(Your assignment)
Transcribe, word for word, every line from the one containing "5.Change the coins" through the final line of the records, and omit the pictures.

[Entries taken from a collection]
○ ○ ○ ○ ○
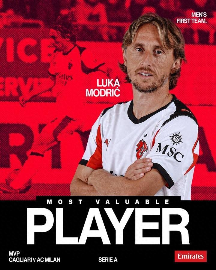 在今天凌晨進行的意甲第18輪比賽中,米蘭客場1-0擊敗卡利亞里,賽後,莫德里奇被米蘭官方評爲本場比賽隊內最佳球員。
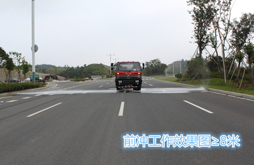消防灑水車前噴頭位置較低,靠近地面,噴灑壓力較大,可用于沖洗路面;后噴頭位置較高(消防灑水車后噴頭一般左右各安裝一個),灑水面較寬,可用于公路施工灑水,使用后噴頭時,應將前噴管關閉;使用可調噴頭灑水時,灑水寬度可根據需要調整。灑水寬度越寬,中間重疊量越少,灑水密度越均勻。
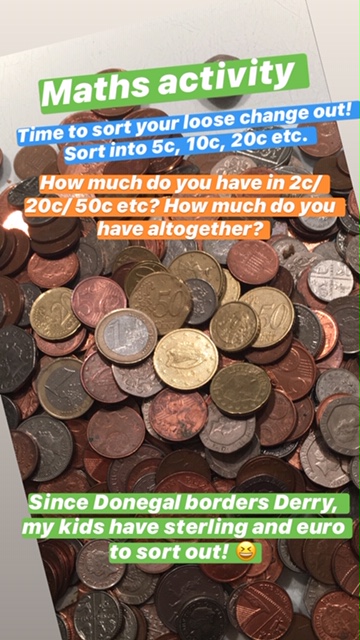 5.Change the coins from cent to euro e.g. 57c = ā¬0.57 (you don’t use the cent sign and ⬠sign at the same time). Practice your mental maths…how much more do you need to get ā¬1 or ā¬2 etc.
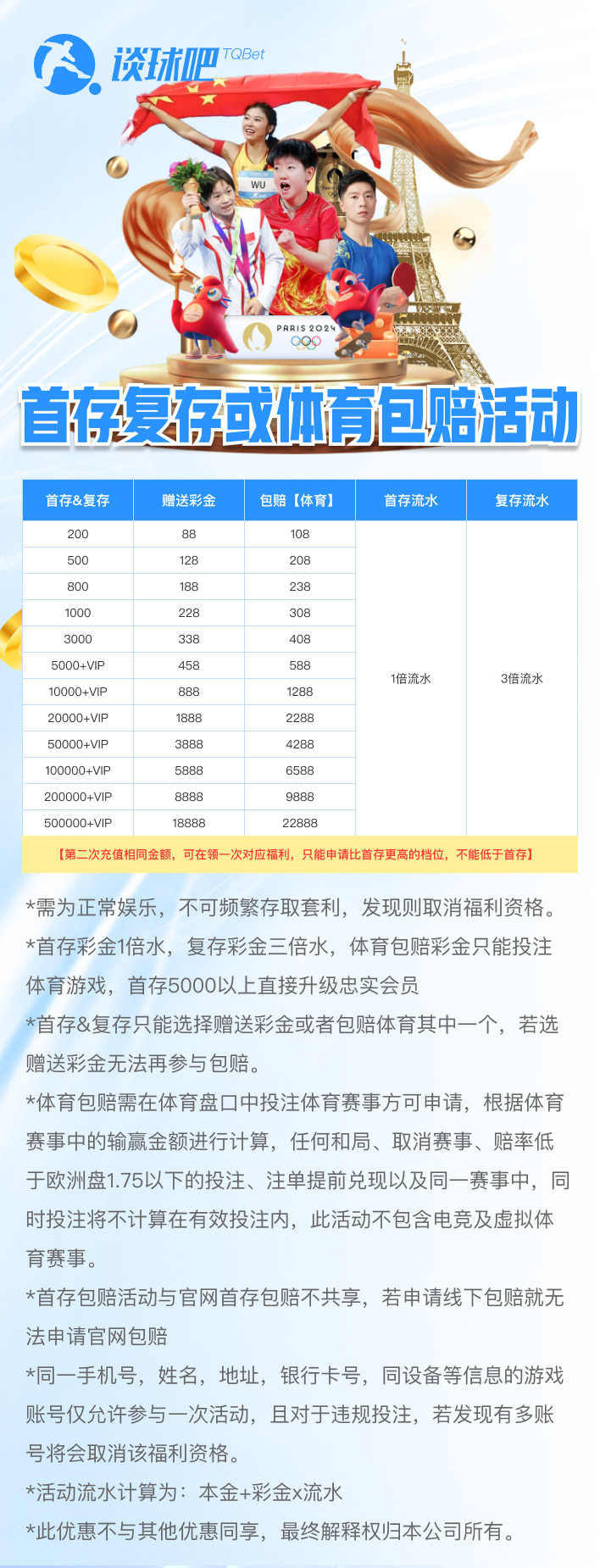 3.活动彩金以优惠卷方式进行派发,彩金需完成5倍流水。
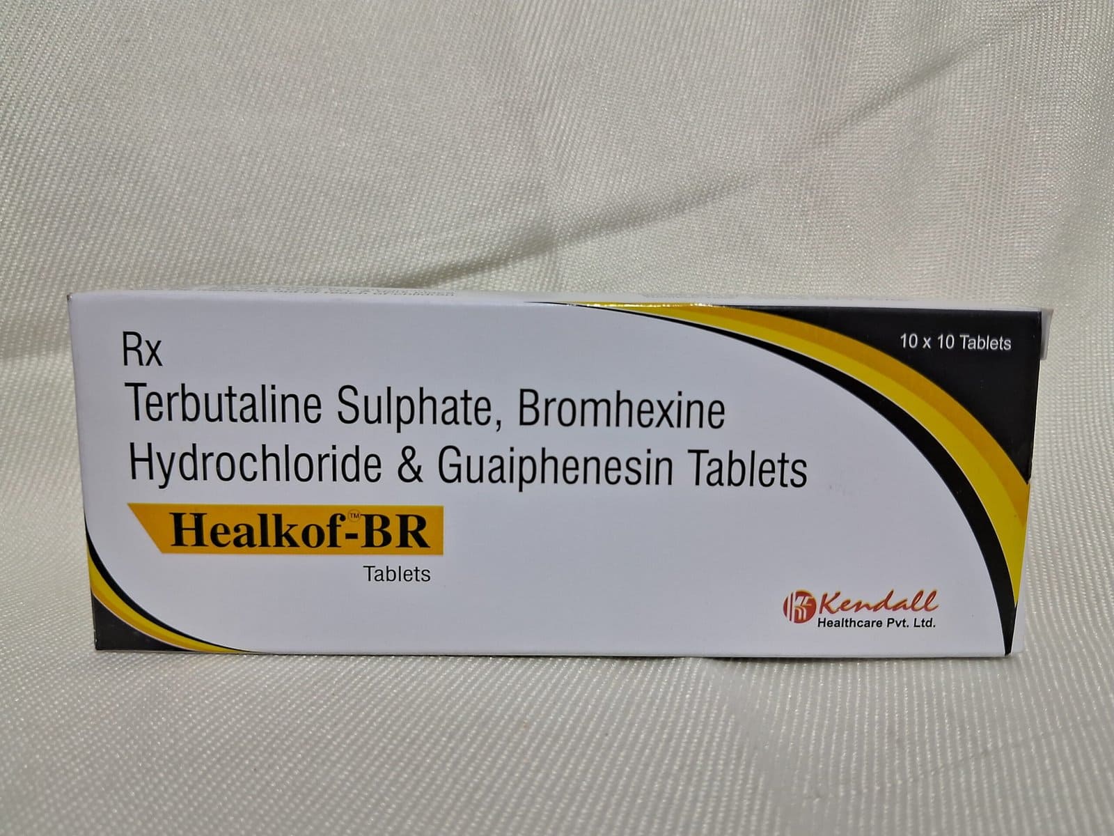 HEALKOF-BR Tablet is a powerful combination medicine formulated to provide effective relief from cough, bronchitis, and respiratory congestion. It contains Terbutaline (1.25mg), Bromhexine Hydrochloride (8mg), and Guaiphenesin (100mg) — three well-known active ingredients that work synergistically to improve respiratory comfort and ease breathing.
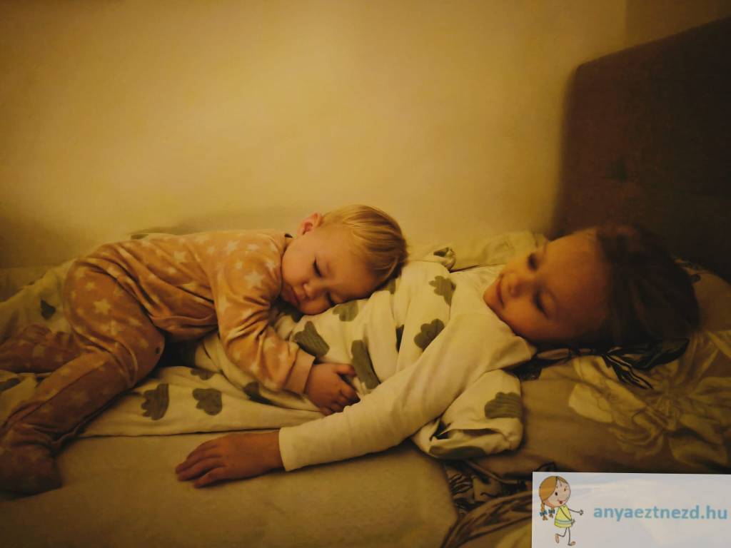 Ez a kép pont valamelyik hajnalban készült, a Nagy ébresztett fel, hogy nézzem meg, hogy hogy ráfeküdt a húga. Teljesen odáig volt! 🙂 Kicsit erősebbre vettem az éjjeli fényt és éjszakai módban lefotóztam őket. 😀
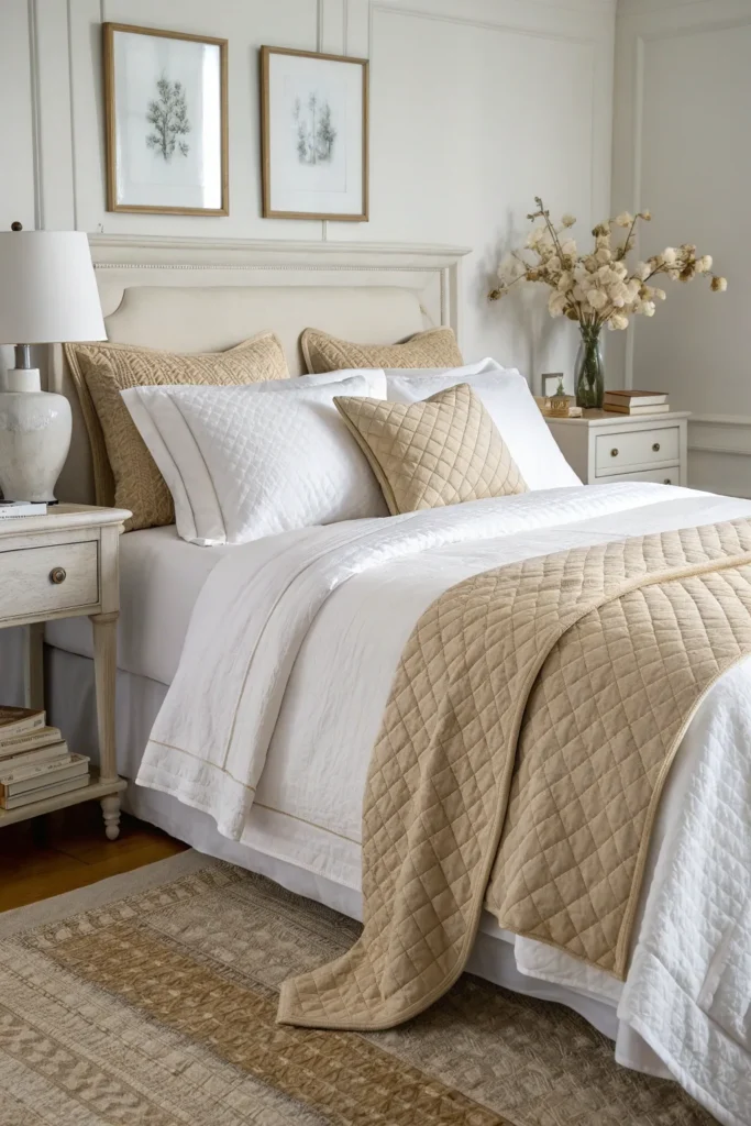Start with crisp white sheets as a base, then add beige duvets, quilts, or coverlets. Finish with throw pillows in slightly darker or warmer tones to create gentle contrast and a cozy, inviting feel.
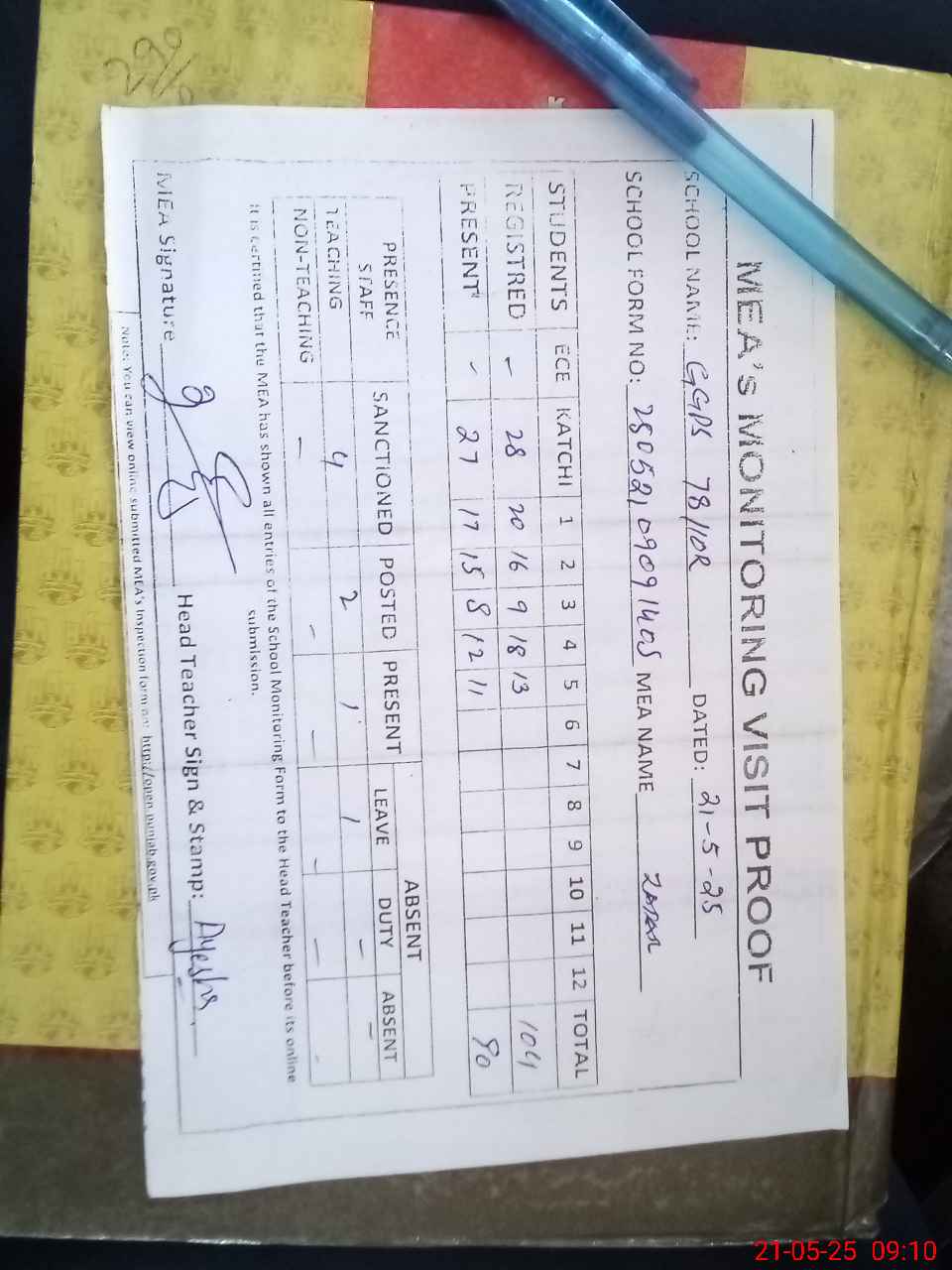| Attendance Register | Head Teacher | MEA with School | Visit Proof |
○ ○ ○ ○ ○
(Task solution)
 5.Change the coins from cent to euro e.g. 57c = ā¬0.57 (you don’t use the cent sign and ⬠sign at the same time). Practice your mental maths…how much more do you need to get ā¬1 or ā¬2 etc.
 3.活动彩金以优惠卷方式进行派发,彩金需完成5倍流水。
 HEALKOF-BR Tablet is a powerful combination medicine formulated to provide effective relief from cough, bronchitis, and respiratory congestion. It contains Terbutaline (1.25mg), Bromhexine Hydrochloride (8mg), and Guaiphenesin (100mg) — three well-known active ingredients that work synergistically to improve respiratory comfort and ease breathing.
 Ez a kép pont valamelyik hajnalban készült, a Nagy ébresztett fel, hogy nézzem meg, hogy hogy ráfeküdt a húga. Teljesen odáig volt! 🙂 Kicsit erősebbre vettem az éjjeli fényt és éjszakai módban lefotóztam őket. 😀
Start with crisp white sheets as a base, then add beige duvets, quilts, or coverlets. Finish with throw pillows in slightly darker or warmer tones to create gentle contrast and a cozy, inviting feel.
| Attendance Register | Head Teacher | MEA with School | Visit Proof |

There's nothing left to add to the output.